# Numba

_________________________
## *Intro*
_________________________

Numba does something that we may not be used to in typical python

In [1]:
def func_one(n):
    result = 0
    for i in range(n):
        squared = n * n
        result += squared
    return result

def func_two(n):
    result = 0
    squared = n * n
    for i in range(n):
        result += squared
    return result



these two functions demonstrate this
The one core difference is function one has the square calculation inside the for loop and function two calculates it outside the for loop

Let's time the functions


In [2]:
%%timeit
func_one(10000)

826 µs ± 7.82 µs per loop (mean ± std. dev. of 7 runs, 1000 loops each)


In [3]:
%%timeit
func_two(10000)

514 µs ± 999 ns per loop (mean ± std. dev. of 7 runs, 1000 loops each)

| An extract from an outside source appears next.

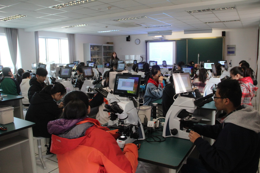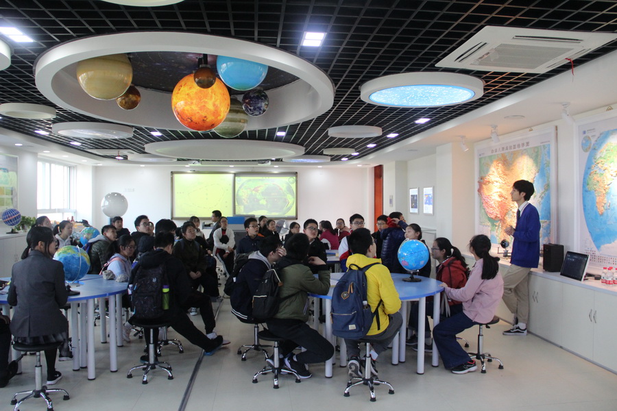 在物理实验室,学生们进行了STEM课程体验,感受了物理探究的乐趣;在化学实验室,学生们了解了实验技巧;在生物实验室,学生们学习了如何使用电子显微镜进行观察;在数字地理实验室,学生们通过地形图等工具深化对地球家园的认识;在天象馆,学生们通过球幕影厅观看了火箭发射的全过程。高端的科技项目和学习环境,撬动了初三学生参与科研、追求真知的初心。
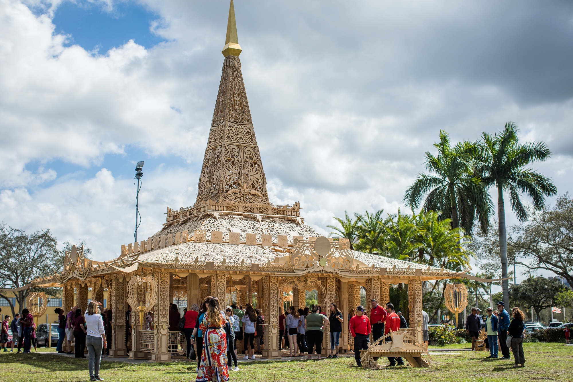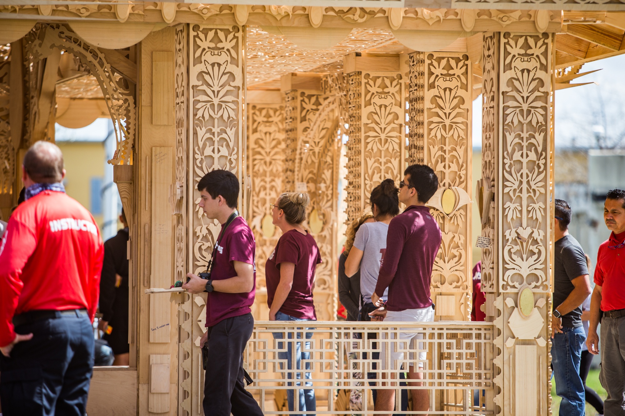 近距离观看“时间神殿”。摄影师: 伊恩·维特伦。这个公共艺术项目包括“时间神殿”,这是艺术家大卫·贝斯特设计的一座华丽的40英尺高胶合板结构,由社区的志愿者团队建造而成。在2019年它矗立的四个月里,“时间神殿”成为一个全天候可进入的聚会场所。居民们会前来与他人在一起,添加书面笔记,并留下小物件。

Let's now make some edits using `numba` and see the performance differences

In [4]:
import numba as nb

@nb.njit
def func_one(n):
    result = 0
    for i in range(n):
        squared = n * n
        result += squared
    return result

@nb.njit
def func_two(n):
    result = 0
    squared = n * n
    for i in range(n):
        result += squared
    return result

func_one(1); func_two(2);

In [5]:
%%timeit
func_one(10000)

138 ns ± 1.35 ns per loop (mean ± std. dev. of 7 runs, 10000000 loops each)


In [6]:
%%timeit
func_two(10000)

137 ns ± 0.376 ns per loop (mean ± std. dev. of 7 runs, 10000000 loops each)

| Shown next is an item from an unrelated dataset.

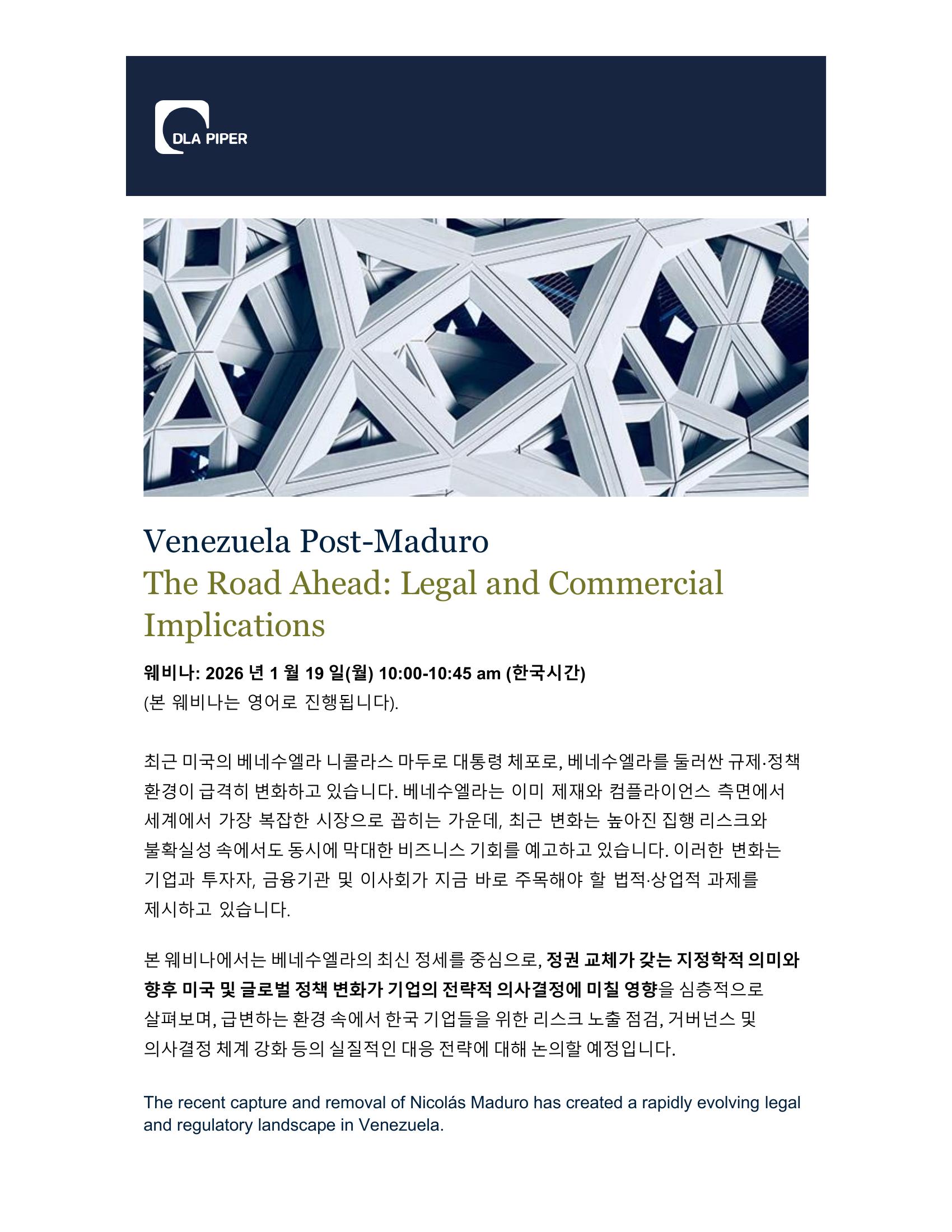 [DLA Piper 웨비나 초대] 마두로 이후 베네수엘라, 무엇이 달라지는가 - 법과 비즈니스의 향방_1/19(월)_10AM_온라인 세미나

These now run in nanoseconds instead of microseconds

Both of them are also about the same speed



Numba applies a just-in-time compiler to analyze and convert the functions into more efficient code

* The compiler can make assumptions about the type of variables
* What is happening in the example above is the compiler realizes that the `squared = n * n` in the for loop is just a constant that can be moved outside the loop

_________________________
## *compile*
_________________________

*Not everything is faster!*

When you run this the first time, numba actually makes it slower because it needs to compile

Numba also doesn't know all options for all python code out there, so it can't always improve performance

Numba can only speed up a subset of python code


In [7]:
@nb.njit
def func_test(n):
    result = {}
    for i in range(n):
        new_dict = {'a' * n: n}
        result[squared] = new_dict
    return result

In [8]:
func_test(10)

TypingError: Failed in nopython mode pipeline (step: nopython frontend)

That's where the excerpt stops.